Is it just nostalgia, or am I right in feeling wistful for the sixties and seventies? I was raised in sheltered small town Illinois, so was on the fringe of the fringe of the hippy movement. I never participated in any social activist rallies or attended any outdoor rock concerts. But throughout high school and early adulthood I felt a sense of impending change. Good things were on the horizon, you could almost smell them like the scent of a delicious meal you could enjoy soon.
Peace was the cry then, rather than Occupy anything. Make Love, Not War. I remember being so struck by a Life Magazine article on one week’s death toll in Vietnam that I cut out this photo of one young man the article said goodbye to. I didn’t know him. But I felt I knew him. He was the face of war to me and the toll war takes on our youth.
Between the protests against the war and the growing civil rights movement and the music calling for unity and world peace, it felt like the world was on the brink of doing something momentous that would change us forever.
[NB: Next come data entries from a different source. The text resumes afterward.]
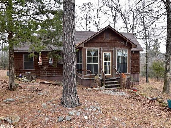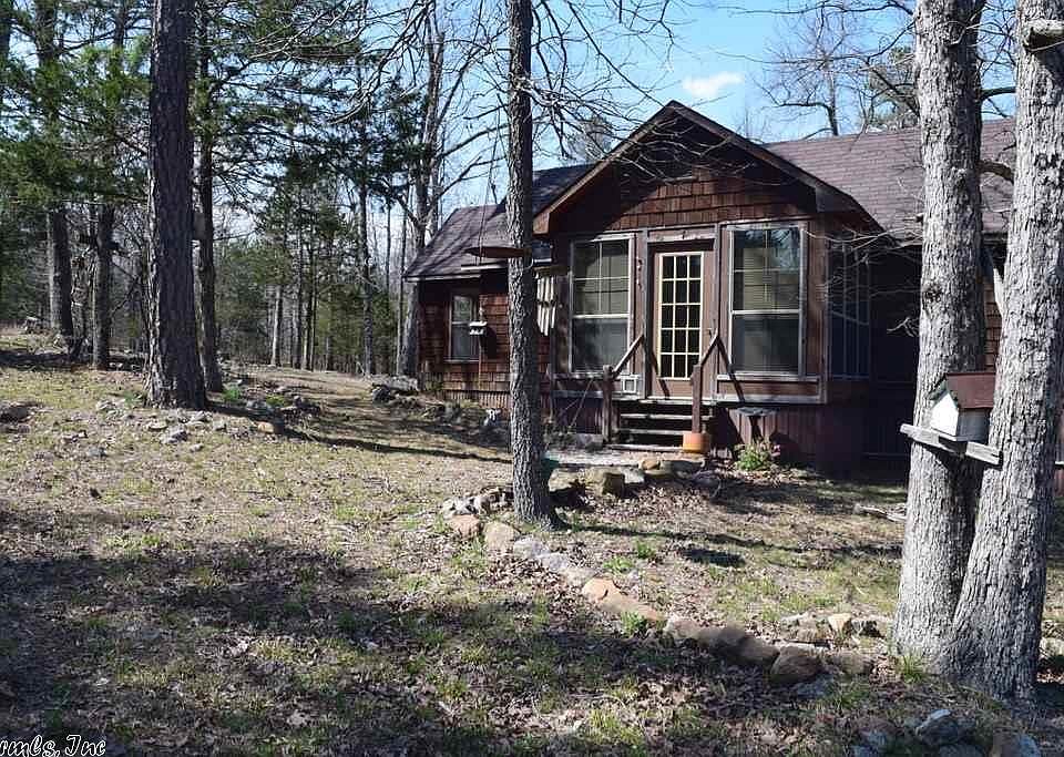 Unique cabin tucked away on 9 wooded acres offers privacy and seclusion. One bedroom, 1 bath 960 square foot cabin with 8' ceilings and 2 bonus rooms that could serve as small bedrooms, craft or office space. Sunporch entrance, large eat-in kitchen, laundry room and floored attic with lots of storage space. Studio directly behind cabin could also serve as a guest house. Outside storage area with parking. RV parking, circular drive and large 2-bay automotive shop. Next to last residence on non-through road.
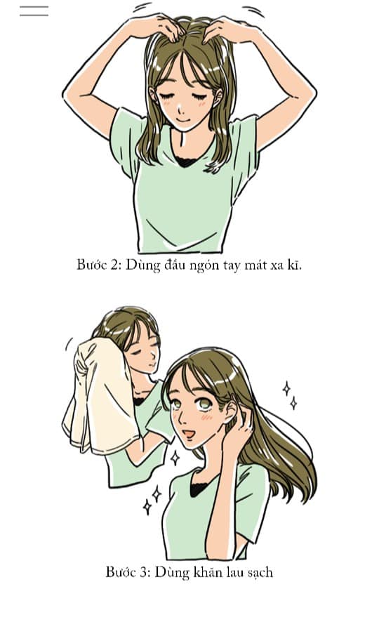 – Đặt vòi chai sát da đầu, bơm từng chút một sản phẩm lên da đầu, sau đó dùng các đầu ngón tay nhẹ nhàng massage khắp da đầu và tóc để sản phẩm thấm thấu và làm sạch hiệu quả.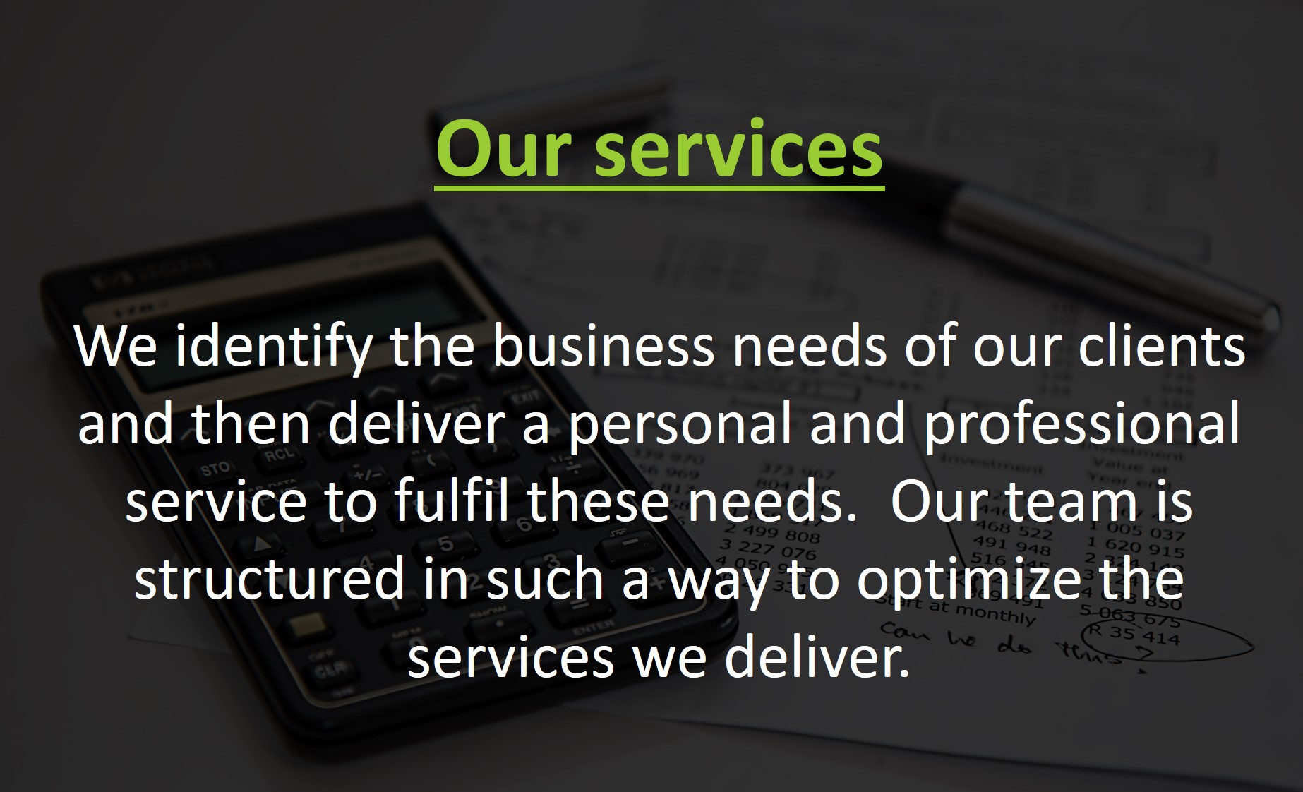 We are Professional Accountants and Tax Consultants providing Accounting and tax services to our client. We provide services to Small- and Medium Businesses defined by our values.
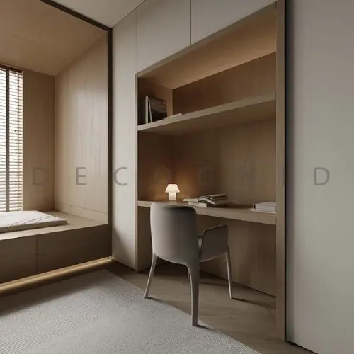 در این اتاقها از طراحی ساده و بیپیرایه استفاده میشود. فضای مرتب، کتابخانه های ساده و میزهای مطالعه کارآمد از ویژگیهای این اتاقها هستند. انتخاب رنگهای ملایم و استفاده از مبلمان ساده میتواند آرامش و تمرکز را در این اتاقها افزایش دهد.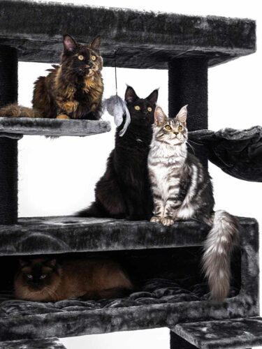 Der Kratzbaum sieht nicht nur äusserst schick aus, er ist auch unglaublich stabil. Selbst wenn meine fünf Maine Coon Katzen gleichzeitig darauf herumturnen wackelt er kein bisschen. Die riesigen Mulden und grosszügigen Betten sind sehr beliebt – endlich ein Kratzbaum der meinen fünf Riesen gerecht wird.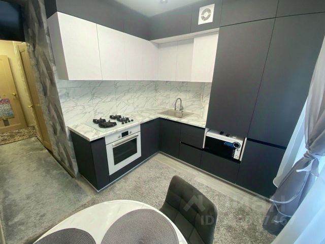 Кухня квадратной формы, в подарок оставляют кухонный гарнитур с подсветкой, есть вытяжка.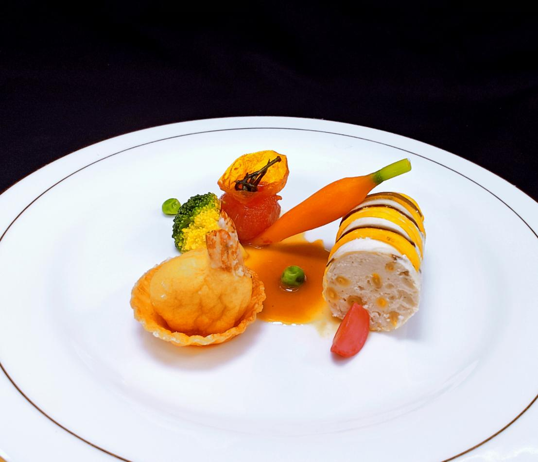 “雀屏中目郞才俊,宏安齐眉女貌妍;琴瑟和鸡家美满,百年偕老永团圆”。此菜采用跑山鸡作为主料,经过打糁后运用中西式烹调技法,卷筒成型,辅配鱼香汁,色彩绚丽;祝福一对新人心连心,享受浓浓的新婚幸福,情意像蜜一样甜美。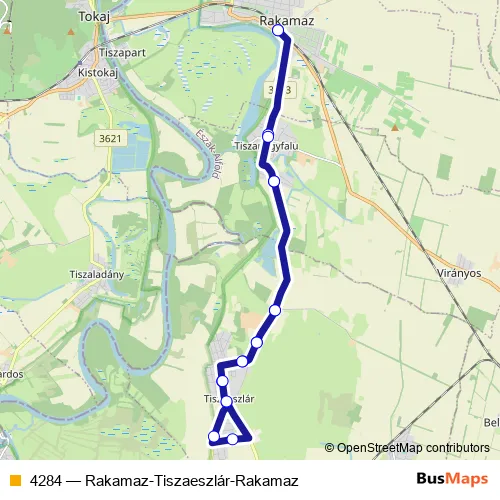 The first stop of the 4284 bus route is Rakamaz, vasútállomás and the last stop is Rakamaz, vasútállomás. 4284 (Rakamaz-Tiszaeszlár-Rakamaz) is operational during on weekdays.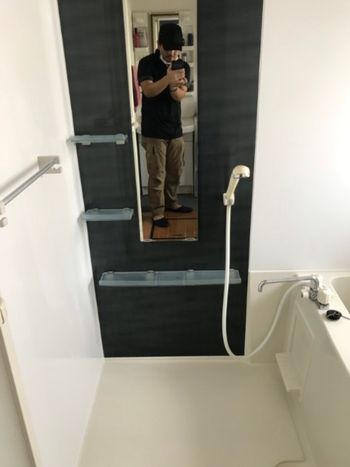 水アカ、湯アカ、カビ、石鹸カスがこびりついた浴室。

Did we? Maybe, in some ways. But where are those young activists now? They are all around my age. Shouldn’t the idealism they believed in then be something they have achieved by now? Where are the hippy senators and congressman and governors? Or do most kids turn into conformers when they grow up?
When I listen to the oldies on my Pandora radio station, there’s a part of me that wishes none of us had ever grown up. I wish we were walking around in Granny glasses and long hair and bell bottoms. But more importantly, I wish we were all walking around spreading the love for all humanity.